Overall, Mr. Sainsbury said, improvements to communications fall under the same set of overall recommendations his company made in December.

“We did not identify any new final recommendations,” he said.

Moving to a process-based management system — the first of four final recommendations from HMS — would include setting up the communications protocols that currently don’t exist, Mr. Sainsbury said.

Establishing a mission statement, company objectives and a strategic plan — all part of another key recommendation — would equip the SSA to plan and execute clearer, more effective messaging.

As part of its new contract with the boat line, Mr. Sainsbury said, HMS would be open to different ways of meeting the objectives outlined in the original report.

The decision to rehire HMS to assist the boat line to implement the recommendations in its report came over the strong objection of New Bedford governor Moira Tierney opposed hiring HMS again.

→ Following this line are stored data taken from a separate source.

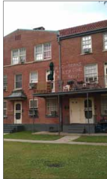
Portion of the Iberville Public Housing Complex

It is a unique resource. Iberville is one of the last remaining traditional public housing structures in New Orleans—most of the others were demolished post-Katrina. It has an aesthetic architectural style and is well-built. However, project proponents believe selective demolition is necessary to allow for the necessary upgrades in electrical, heating and cooling systems,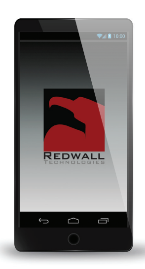
Redwall Mobile® consumes minimal system resources and users don't know the device is hardened with military-grade protection.

Cryptographic and temporal isolation ensure there is no possibility of contamination across modes. It is as if the user is carrying separate devices within a single device. Contrary to containerization where sandboxing or virtualization is employed, these methods cannot provide the level of isolation available in Redwall Mobile®. Those containerized solutions still leave sensitive data in memory, making them highly vulnerable. Dedicated devices like the Blackphone are not the answer, requiring users to carry multiple devices for different roles or different levels of security. Redwall Mobile® consolidates all the features of a military-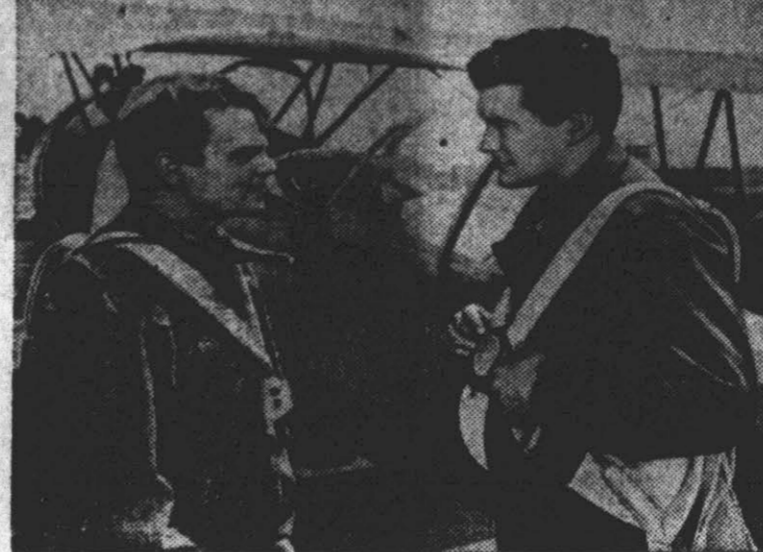
James Cagney and Dennis Morgan are shown here as members of the Canadian air force in the technicolor production "Captains of the Clouds" opening Sunday at the Pitt.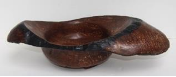
MAURICE CLABAUGH Off Set Bowl, Bog Wood. 14" w x 5" h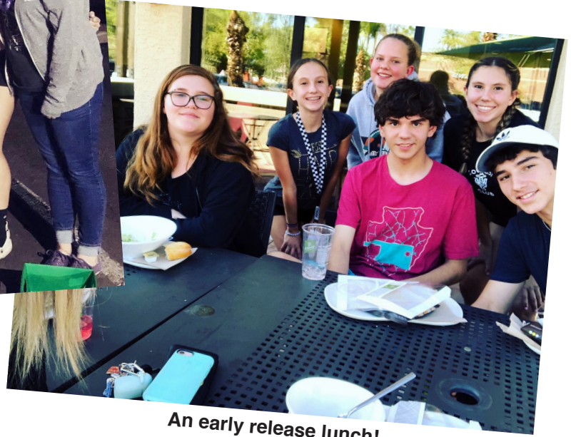
An early release lunch!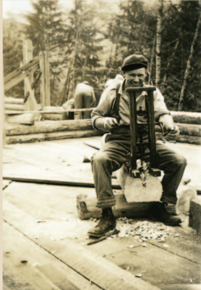
Cabin construction without electricity, 1948.

“They shouldn’t have an exclusive,” she said. “This report today wasn’t anything we didn’t already know, and we waited months and months and months for it.

Stephen M. Sayers, recently-retired SSA general counsel who remains on contract, responded that HMS is working on a “time and materials basis.”

“Their effective hourly rate is under $200, which is pretty good — it’s excellent,” he said, adding that the SSA could get started with HMS right away instead of going through the process of another request for proposals.

Vineyard governor Marc Hanover agreed with Mr. Sayers, but Ms. Tierney was unmoved.

“That’s huge, that they were that late, in what is probably our number one area of complaint,” she said. “I can’t support it.”

Nantucket governor Robert Ranney and Barnstable governor Robert Jones joined Mr. Hanover in voting to award the contract to HMS. There was no representative for Falmouth present at the meeting, but Falmouth selectmen voted Monday to appoint lawyer and Woods Hole resident Kathryn Wilson to the five-member board. She replaces Betsy Gladfelter, who failed to earn reappointment.

Also on Saturday, governors voted to approve two new positions recommended in the HMS report: director of marine operations and director of health, safety, quality assurance and environmental protection. The question of whether to hire a chief operating officer did not come up at the meeting. The HMS report strongly recommends that a COO position be created as a key step in overhauling the boat line management structure by spreading out responsibility more at the top.